Spezifische Therapien:
- Hyperprolaktinämie: Cabergolin anbieten.
- Hydrosalpinx vor IVF: Laparoskopische Salpingektomie oder Tubenokklusion anbieten (alternativ Aspiration bei hohem OP-Risiko).
Unerklärte Infertilität und Endometriose
Bei unerklärter Infertilität sollten Paare zunächst 2 Jahre lang regelmäßigen Verkehr versuchen.

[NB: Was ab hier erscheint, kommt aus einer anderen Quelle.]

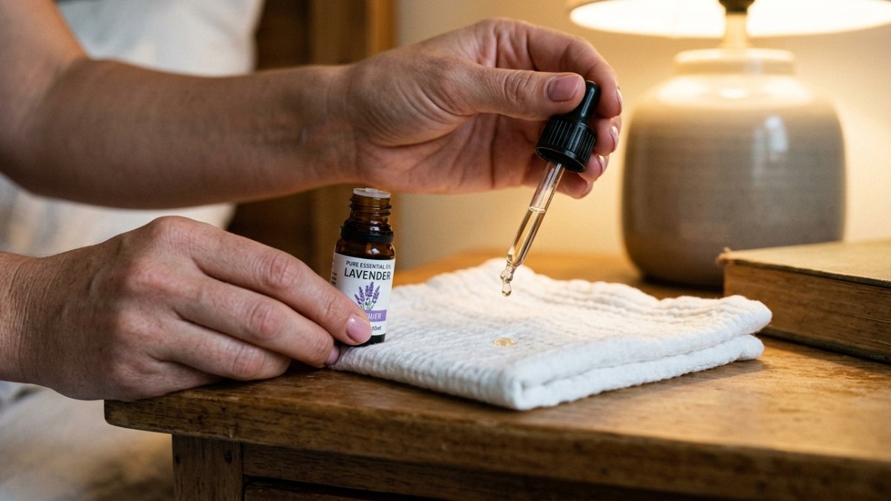 - Algumas gotas de óleo essencial: aplicar poucas gotas, de preferência diluídas, na fronha ou em um lenço de tecido próximo ao travesseiro, sem exagerar.

Eine ovarielle Stimulation als Monotherapie wird nicht empfohlen.
| Stufe | Therapie bei unerklärter Infertilität / Endometriose |
|---|---|
| 1 | Bis zu 2 Jahre exspektatives Management (bei Endometriose ggf. chirurgische Sanierung) |
| 2 | Bis zu 4 Zyklen intrauterine Insemination (IUI) mit Gonadotropinen erwägen |
| 3 | In-vitro-Fertilisation (IVF) anbieten |
Assistierte Reproduktion (IVF und ICSI)
Zugangskriterien für IVF (Frauen <42 Jahre):
- Bekannte Infertilitätsursache ohne andere Therapieoption.
- Unerklärte Infertilität nach 2 Jahren.
- Nach 12 Zyklen künstlicher Insemination.
| Altersgruppe | Empfohlene IVF-Zyklen | Embryonentransfer (1. Zyklus) |
|---|---|---|
| < 40 Jahre | 3 volle Zyklen | Single Embryo Transfer (SET) |
| 40-41 Jahre | 1 voller Zyklus | Double Embryo Transfer erwägen |
ICSI-Indikationen:
- Männlicher Faktor (eingeschränkte Samenparameter).
- Vorangegangene IVF mit Nullbefruchtung oder sehr niedriger Befruchtungsrate.
- Nicht bei normozoospermen Patienten anwenden. IMSI und PICSI werden nicht empfohlen.
Nicht empfohlene Add-ons (Keine Evidenz für verbesserten Erfolg):
- Endometrial Scratching
- Endometriale Rezeptivitäts-Tests (ERA, Mikrobiom)
- Immunologische Therapien (Intralipide, Glukokortikoide)
- Assisted Hatching
- Präimplantationsdiagnostik auf Aneuploidie (PGT-A)
💡Praxis-Tipp
Bestimmen Sie den AMH-Wert ausschließlich zur Planung einer IVF/ICSI (Dosis-Findung), nicht um Patientinnen eine Aussage über ihre spontane Fruchtbarkeit zu machen. Verzichten Sie auf die Bestimmung von Spermien-DNA-Fragmentierung und FSH zur ovariellen Reserve.